From the Spartanburg Herald Journal
December 30, 2008


Lawmakers rejected a plan last year that would restore more sense to the criminal justice system by sending violent criminals to prison for longer terms while punishing nonviolent offenders outside the prison system.

They will have a chance to reconsider that idea this year. Attorney General Henry McMaster is pushing the plan again, and legislation implementing it has been pre-filed for the legislative session that begins next month.

McMaster's proposals make a great deal of sense for the state budget, for its economy and for the state's families.

The attorney general is proposing to do away with parole so that violent offenders spend more time behind bars and victims of violent crimes will know how long their attackers will be behind bars when they are sentenced.

It is unreasonable for victims to have to relive their ordeals each year when they have to appear before a parole board and argue against the release of their offender. Abolishing parole would relieve them of this burden.

But McMaster is also trying to limit the number of people who are sent to prison. He wants to establish a "middle court" system for nonviolent offenders. This system would be modeled on the successful drug courts. It would use intensive probation, restitution, drug and alcohol treatment and house arrest. Such a system would relieve an overcrowded and under funded prison system. It would cost the state to fund the middle court system, but in the long run, it should save money by reducing the prison population.

Money is not all that would be saved. When a nonviolent offender is sentenced to prison, he loses his job and much of his ability to regain employment once he is released from prison. His family loses his income and his presence.

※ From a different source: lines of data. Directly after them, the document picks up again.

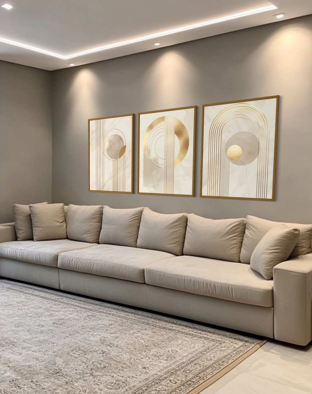 Para saber o tamanho ideal do conjunto de quadros para o seu ambiente é necessário ter a metragem da parede e do móvel, sofá ou cama que estejam próximos de onde será colocado os quadros. Logo abaixo na ilustração te orientamos para você ter uma noção de tamanho e proporção.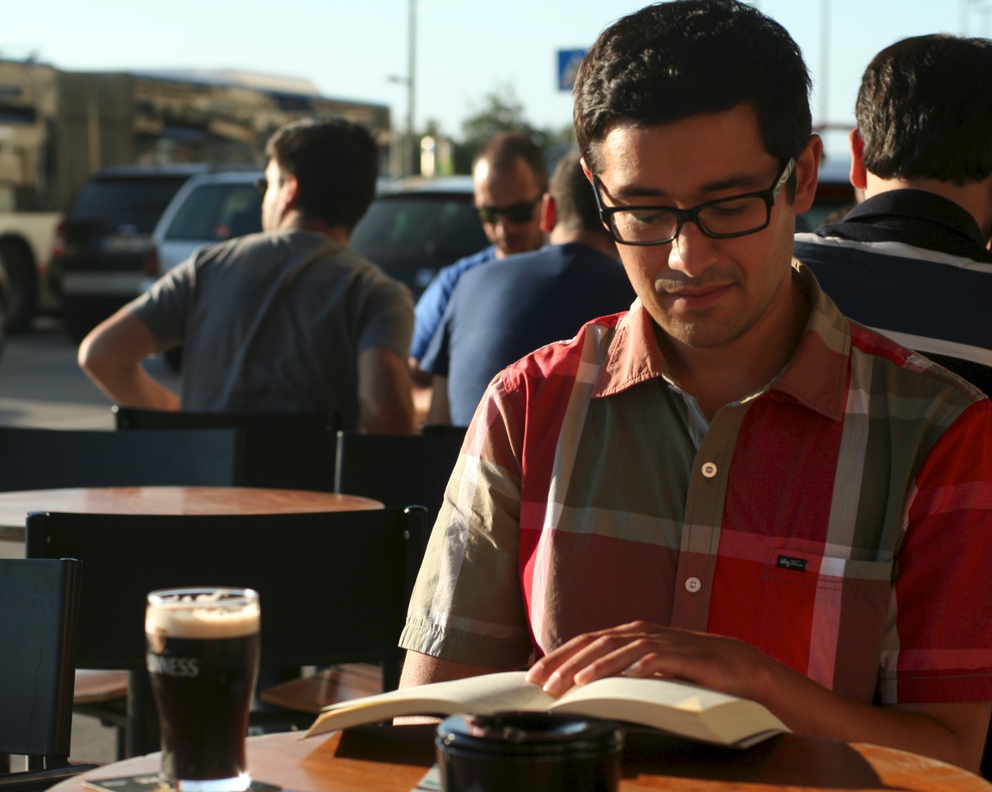 Num destes fins de semana, andava a passear no jardim do Passeio Alegre, na Foz, quando o João passou por mim num passo estugado e eu, que reconheço capas da Quetzal a milhas, percebi que levava na mão um livro do Saul Bellow. Lamentei não me ter cruzado com ele noutra ocasião, num momento em que estivesse a ler, mas resignei-me enquanto o via distanciar-se. Continuei o meu passeio em direção ao mar e foi uns metros mais à frente, na esplanada do mítico Bonaparte, que voltei a encontrá-lo, já sentado e a ler na companhia de uma Guinness. Foi perfeito!
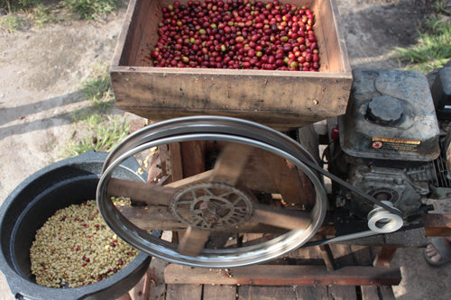 This coffee is a blend of these varietals: Abyssinia, Ateng, Caturra, Gayo, Timtim, and Typica. To create this lot, Kahpi selectively handpicked ripe, red cherry from his own farm along with some from neighboring farmers. He fermented the cherries for 24 hours, changing the water every 12 hours. After fermentation they were laid on patios to dry. Kahpi raked the cherry frequently to ensure even drying.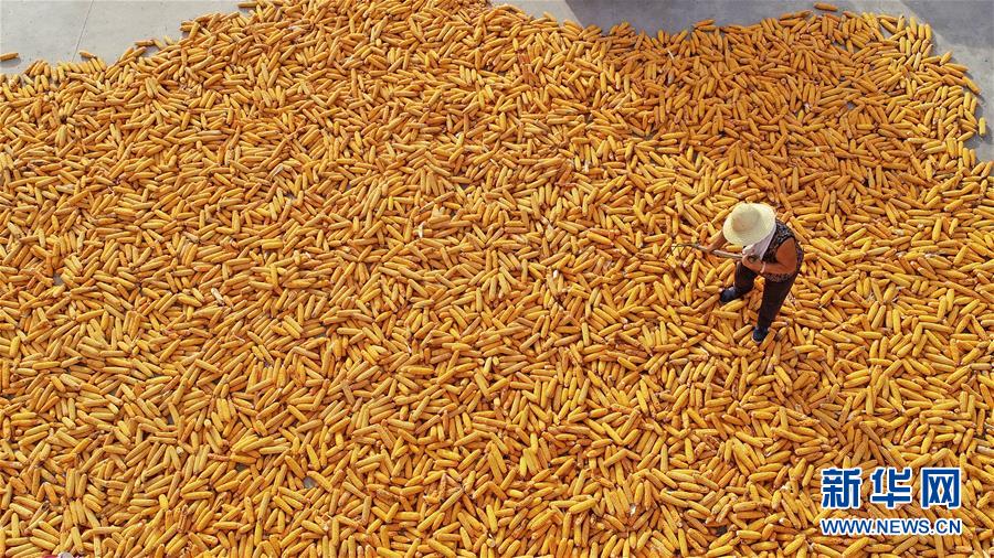 10月14日,河北省南和縣閆里鄉(xiāng)閆里村農(nóng)民在晾曬收獲的玉米(無人機(jī)拍攝)。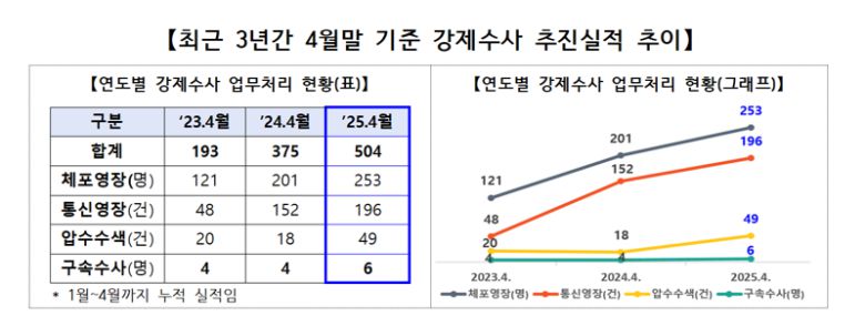 19일 고용노동부에 따르면, 올해 4월 기준 구속수사, 체포영장 집행 등 강제수사 실적은 504건으로 집계됐다. 지난해 같은 시기에 비해 34.4% 증가한 수준이며, 2023년과 비교하면 2.6배나 늘어난 수치다.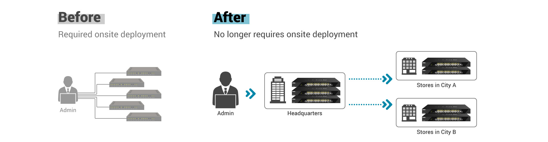 Zero Touch Provisioning is perfect for multi-site network expansions. Simply preconfigure your network settings in a centralized location, then install the DGS-1520 switches for effortless deployments.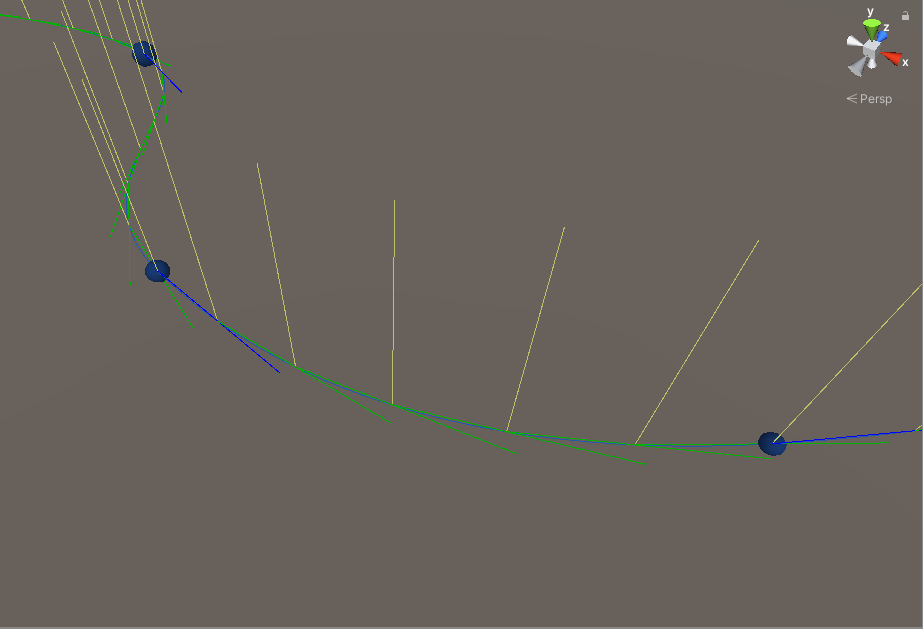 11)스플라인의 orientation 및 tangents가 표시되는것을 확인할수있다.

Allowing nonviolent offenders to make restitution and maintain employment while under intense probation supervision will hold families together and ameliorate the tremendous social costs of incarceration.

Together these proposals would save the state significant social and economic costs. They would reserve prison space for those who genuinely should be removed from society, and they would keep them there longer.

The danger is that a General Assembly that loves to appear tough on crime will abolish parole without establishing the middle court system. That would be a disaster that would heap more inmates on an already overtaxed prison system. Lawmakers have an abysmal record of inadequately funding the Department of Corrections and probably wouldn't allocate enough money to take care of the extra inmates.

Lawmakers should realize the benefits of McMaster's entire plan and adopt it.